Quando a pessoa abandona a política, ela não sai do jogo: apenas entrega o tabuleiro para outros jogadores
Em uma manhã comum de Atenas, há mais de dois mil anos, um homem atravessava a ágora com pressa. A cidade discutia guerra, impostos, comércio, leis, abastecimento de trigo, punições e alianças. Ele passava reto. Não queria ouvir. “Isso não é comigo”, talvez dissesse. Tinha seus negócios privados, sua casa, sua família, suas contas. Para os gregos, esse sujeito era o idiōtēs: não necessariamente um tolo no sentido moderno, mas aquele que se fechava na vida privada e se recusava a participar da vida pública. O termo designava o indivíduo privado, sem cargo e sem participação ativa na política da cidade.

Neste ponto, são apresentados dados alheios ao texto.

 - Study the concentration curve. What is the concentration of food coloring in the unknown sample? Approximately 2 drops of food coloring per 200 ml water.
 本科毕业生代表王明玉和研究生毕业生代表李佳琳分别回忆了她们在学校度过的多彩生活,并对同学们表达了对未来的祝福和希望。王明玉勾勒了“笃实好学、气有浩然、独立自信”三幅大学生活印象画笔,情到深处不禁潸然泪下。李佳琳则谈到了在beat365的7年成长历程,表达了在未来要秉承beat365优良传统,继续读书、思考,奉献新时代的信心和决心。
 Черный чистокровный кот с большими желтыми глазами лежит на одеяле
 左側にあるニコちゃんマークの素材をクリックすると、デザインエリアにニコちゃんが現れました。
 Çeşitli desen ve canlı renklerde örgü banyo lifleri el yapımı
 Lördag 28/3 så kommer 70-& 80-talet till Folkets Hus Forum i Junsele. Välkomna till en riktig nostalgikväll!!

A ironia histórica é poderosa: o “idiota”, na origem política do termo, não era apenas quem ignorava informações; era quem imaginava poder viver fora da pólis. O problema é que a pólis continuava decidindo por ele. Decidia o preço do pão, o recrutamento dos filhos, os impostos, as estradas, a segurança, a moeda, a justiça e a guerra.
Essa é a tese central deste artigo: não se interessar por política não protege ninguém da política; apenas torna a pessoa mais vulnerável às decisões tomadas por outros. A política está no prato, no ônibus, no preço do café, na aposentadoria, no saneamento, na conta de luz, no salário, na escola, no hospital e até no tempo perdido em uma fila.

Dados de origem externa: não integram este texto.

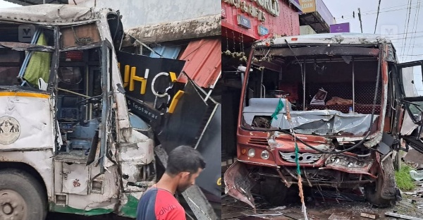 ഇന്ന് പുലർച്ചെ 1.30 ഓടെ ആയിരുന്നു അപകടം. കുന്നംകുളത്തു നിന്ന് ചെറുതുരുത്തിയിലേക്ക് മത്സ്യവുമായി പോകുകയായിരുന്നു ലോറി. ഹൈവേയിലൂടെ വന്ന് പന്നിത്തടം ജംക്ഷൻ മറികടക്കുകയായിരുന്ന ബസ്സിനെ കുന്നംകുളം – വടക്കാഞ്ചേരി സംസ്ഥാന പാതയിലൂടെ അമിത വേഗതയിൽ വന്ന ലോറി ഇടിക്കുകയായിരുന്നു. ഇടിയുടെ ആഘാതത്തിൽ രണ്ടു വാഹനങ്ങളും ജംക്ഷനിലെ രണ്ടു കടകളുടെ മുൻവശത്തേക്ക് ഇടിച്ചു കയറിയാണു നിന്നത്. രണ്ടു വാഹനങ്ങളുടെയും മുൻഭാഗം പൂർണമായി തകർന്നു. പെർമിറ്റാല്ലാത്ത റൂട്ടിലൂടെയാണ് കെഎസ്ആർടിസി ബസ് സർവീസ് നടത്തിയത് എന്നാണ് ആരോപണം.
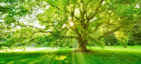 Le soleil brille à travers les feuilles vertes de ce platane géant.
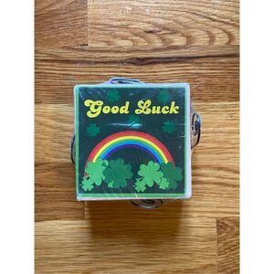NWOT good luck ceramic coasters/ cork backing /4x4 with holder St Patrick day
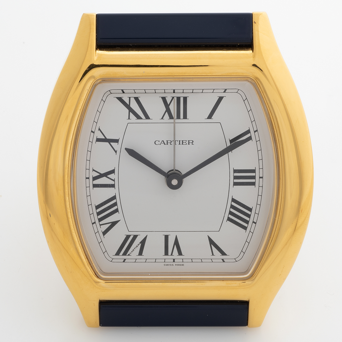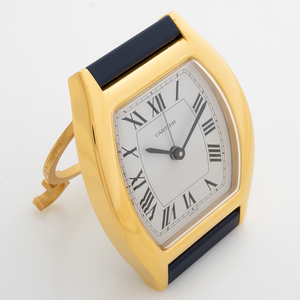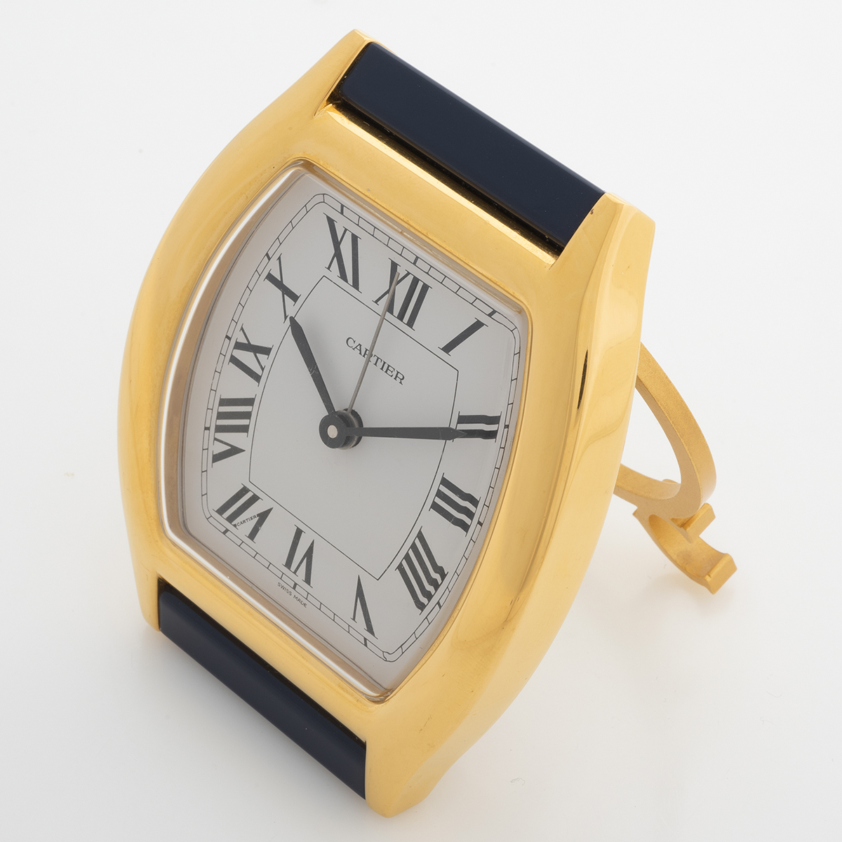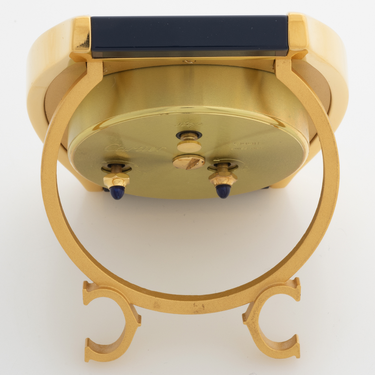 Our vintage and very complete Cartier Must De Cartier Tortue Alarm Clock ( Pendulette ) features a gold plated brass case with blue enamel metal, powered by a battery operated quartz movement. This example is one of the best we have handled, with no notable wear to the gold plating, just light signs of use, to be expected given its age. The Tortue was arguably the most attractive of the 1980s/ 1990s clocks, measures 74mm x 85mm, making it a wonderful addition for a variety of settings including desk/ commercial, curio or bedroom/ dressing room. This Tortue distinguishes itself by its condition, history and completeness as it is a full set comprising outer and inner correct fitted box, sleeve/wallet with warranty certificate showing it was UK retailed in March 1996, service booklet, instructions for pendulettes, redacted service document (Cartier authorised dealer) 2007, guarantee certificate 2008, authorised dealer service receipt and document 2015/6 and carry bag , and Cartier UK Service January 2026, the remainder of the 24 month warranty is in place, at a cost of £260. Over its 30 years this clearly cherished Cartier clock has benefitted from over £500 maintenance at Cartier. We would anticipate this joining a serious Cartier focussed collection.

1. Política não é só Brasília: é a arquitetura invisível da vida cotidiana
As imagens apresentadas partem de uma frase simples: “tudo é política, inclusive o que você acha que não é”. A frase é provocativa, mas correta. Não significa que tudo seja disputa partidária. Significa que quase tudo que organiza a vida coletiva passa por decisões públicas, escolhas econômicas, modelos regulatórios, prioridades orçamentárias e conflitos de interesse.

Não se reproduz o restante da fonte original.